Sua conclusão foi que, já que os Católicos, ou seja, os Nicenos, reconheciam a distinção das Pessoas, não poderiam negar o `homoeousios', enquanto que os `homoeouseanos', por outro lado, eram obrigados a reconhecer a unidade da substância se eles acreditavam seriamente na perfeita semelhança da substância.

Depois de passar três anos exilado na Ásia, a pedido dos arianos orientais, que o descreviam como "agitador do Oriente", foi-lhe permitido voltar à França.
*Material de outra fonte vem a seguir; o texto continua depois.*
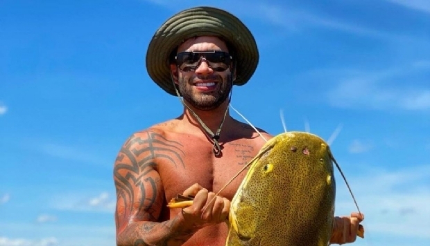 Em MT, Gusttavo Lima pesca peixe de 30 kg, visita família ribeirinha e posa em foto com presidente da AL
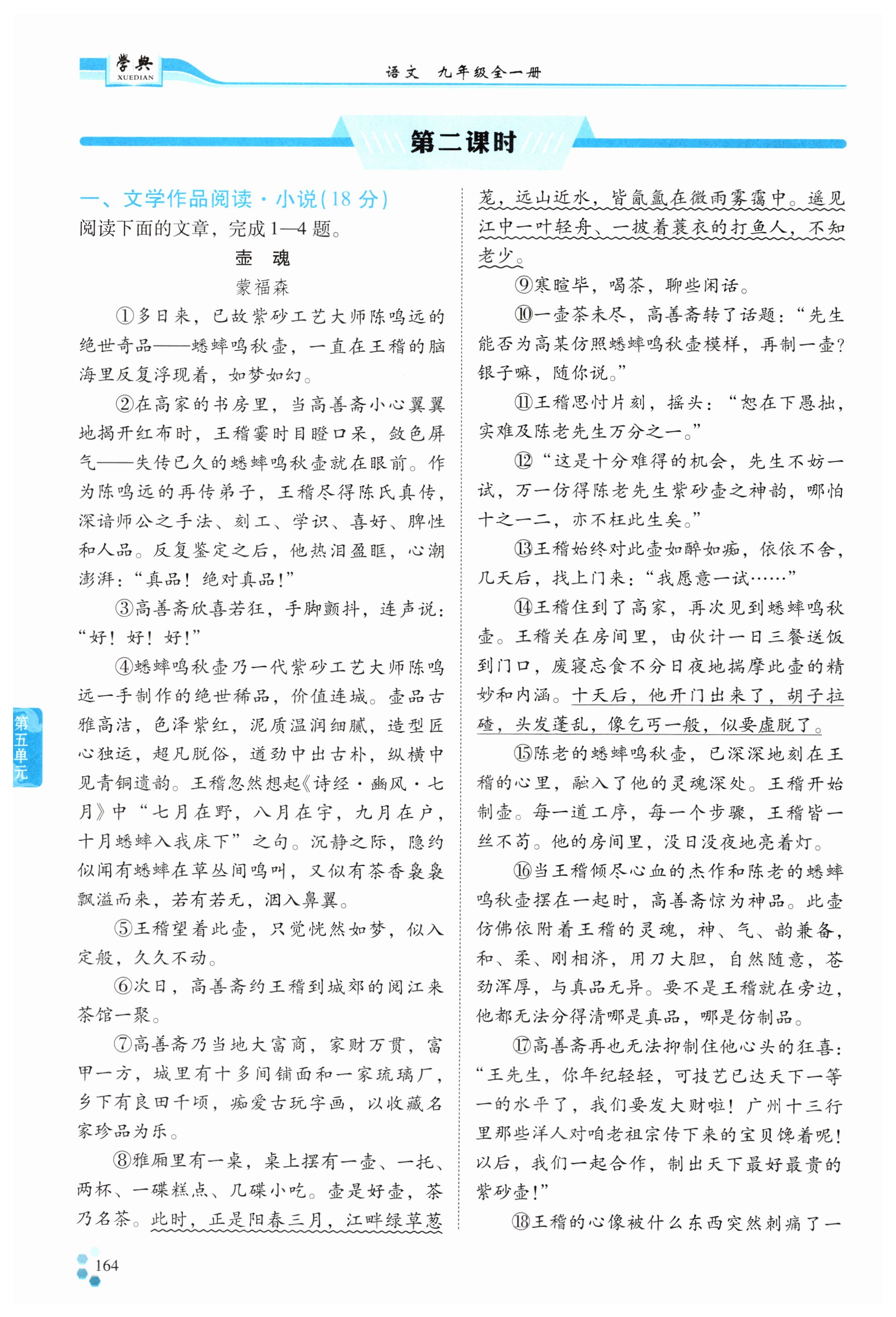 注:目前有些书本章节名称可能整理的还不是很完善,但都是按照顺序排列的,请同学们按照顺序仔细查找。练习册 2024年学典四川九年级语文全一册人教版 答案主要是用来给同学们做完题方便对答案用的,请勿直接抄袭。
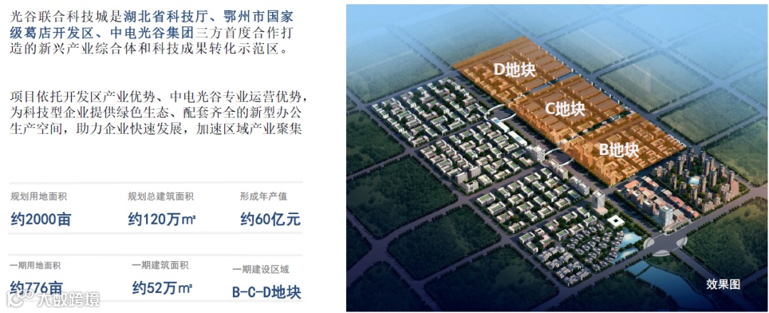 光谷联合科技城位居武汉光谷科技创新大走廊,是湖北省科技厅、鄂州市国家级葛店开发区、中电光谷三方合作打造的新兴产业综合体和科技成果转化示范区。
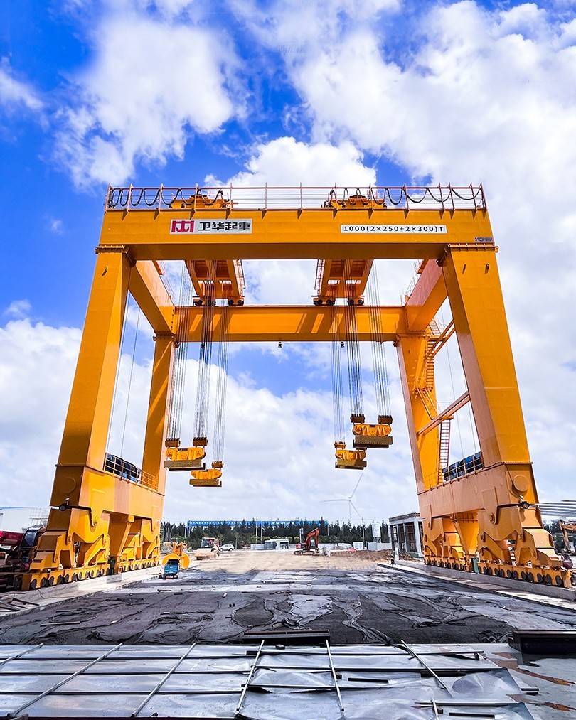 根据项目起吊重量大、工况复杂、控制精度高等特点,世界杯官方网站入口起重机采用U型门架结构,双龙门四点吊装,最大起吊重量1000t,最大吊点高度大于18m,采用变频+PLC控制,可实现横向、纵向距离可调,及吊梁自由旋转,控制精度达±1mm。
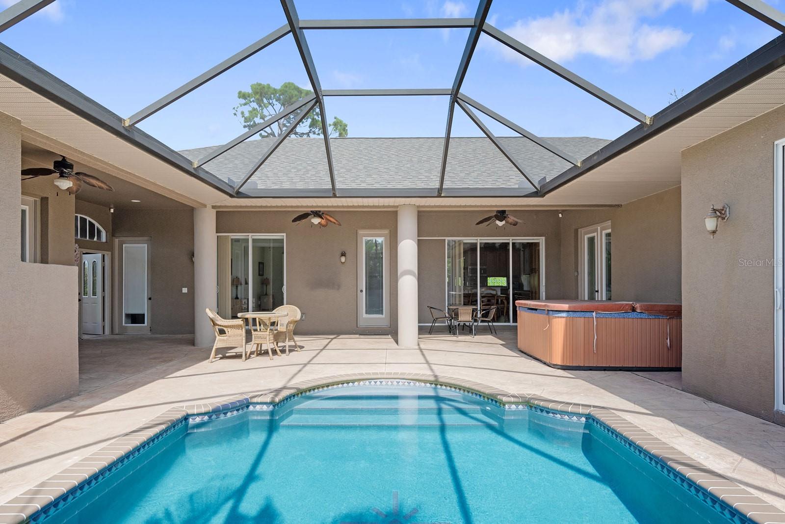 This COURT YARD POOL features new 2023 ROOFS, newer HVACS, hurricane shutters and a new ALUMINUM SCREEN CAGE! Beautifully crafted and set on an OVERSIZED LOT this home boasts a variety of exceptional features on one of the nicest looking streets in Rotonda West. A screened entryway leads you into a charming courtyard, where you'll find a spacious pool and lanai area complete with an outdoor summer kitchen including sink, stovetop and space for a small fridge. The SEPARATE 317 SQUARE FOOT (ADU) GUEST SUITE includes a large walk-in closet and a full bath, providing privacy and comfort – perfect for an IN-LAW SUITE, pool house or rental with shared pool access. The MAIN HOUSE, boasts over 1,800 square feet where you can enjoy elegant living and dining rooms, a third bathroom with easy access to the pool, and multiple sliders in almost every room that open to the courtyard—perfect for embracing the Florida weather and indoor/outdoor living. The kitchen is a chef’s dream, with granite countertops, a breakfast bar and nook, stainless steel appliances including an extended arm pot filler faucet over the oven range and gorgeous hardwood cabinets. The master suite offers a massive walk-in closet with spa like ensuite, garden tub, separate walk-in shower, granite countertops, and dual sinks. This home is a must-see for those seeking luxury and relaxation! A BONUS ROOM was made out of the previous interior laundry room for additional sleeping space or could make for a great office, walk-in pantry/storage room or easily converted back. Currently the washer/dryer are hooked up in the oversized two car garage. Rotonda West is a LOW HOA community with multiple parks, sidewalks, golf courses and more to explore along with being conveniently located just miles from restaurants, shopping, Boca Grande, Manasota Key and multiple gulf beaches.
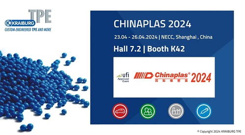 KRAIBURG TPE, the global thermoplastic elastomer (TPE) manufacturer is excited to announce its participation in CHINAPLAS 2024, chinaplas which takes place in NECC Shanghai, China, from April 23 to April 26 2024 to highlight its latest TPE solutions suitable for diverse industries.
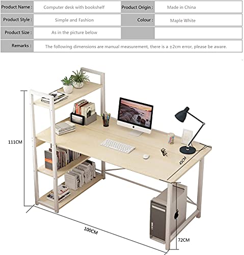 YJGET - YJGET 100 * 45cm Computer Desk with Storage Shelves Study Writing Table for Home Office, Modern Simple Style
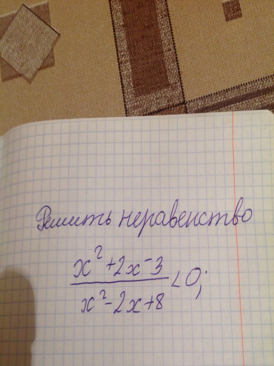 Значит и дробь (х²+2х-3)/(х²-2х+8) < 0 при х∈(-3;1)
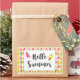 Ein Aufkleber mit einem Bild eines sommerlichen Musters von Popsikeln und Eis in Aquarellen. Hallo Sommer geschrieben in einem lustigen trendigen Schriftart.

De regresso à pátria, Hilário articulou o desmoronamento definitivo do arianismo no Ocidente.

5.

Santo Atanásio e o Concílio de 362.

No ano 362 Santo Atanásio reuniu em Alexandria, em um Concílio local, nicenos e `homoeouseanos'.

Neste Concílio foi formalmente reconhecido que a fórmula "três hipóstases" seria considerada legítima desde que não trouxesse a conotação ariana de "hipóstases totalmente distintas, diferentes em substância uma da outra", mas que apenas expressasse a subsistência separada das três Pessoas na tríade consubstancial.

A fórmula oposta, "uma hipóstase", foi também aprovada, seus defensores tendo explicado que não tinham com ela intenções sabelianas, mas, identificando o termo `hipóstase' com `ousia', queriam apenas significar a unidade da natureza entre o Pai e o Filho.

Mediante este Concílio, que ainda chegou a chocar muitos no Ocidente, a união entre as duas partes estava virtualmente selada, e pode-se antever nele a fórmula que se tornou distintiva da Ortodoxia:

"Uma ousia, três hipóstases".

Referências:
Santo Atanásio : Tomus ad Antiochenos 6;
São Jerônimo : Epistola 15, ano 376, 4.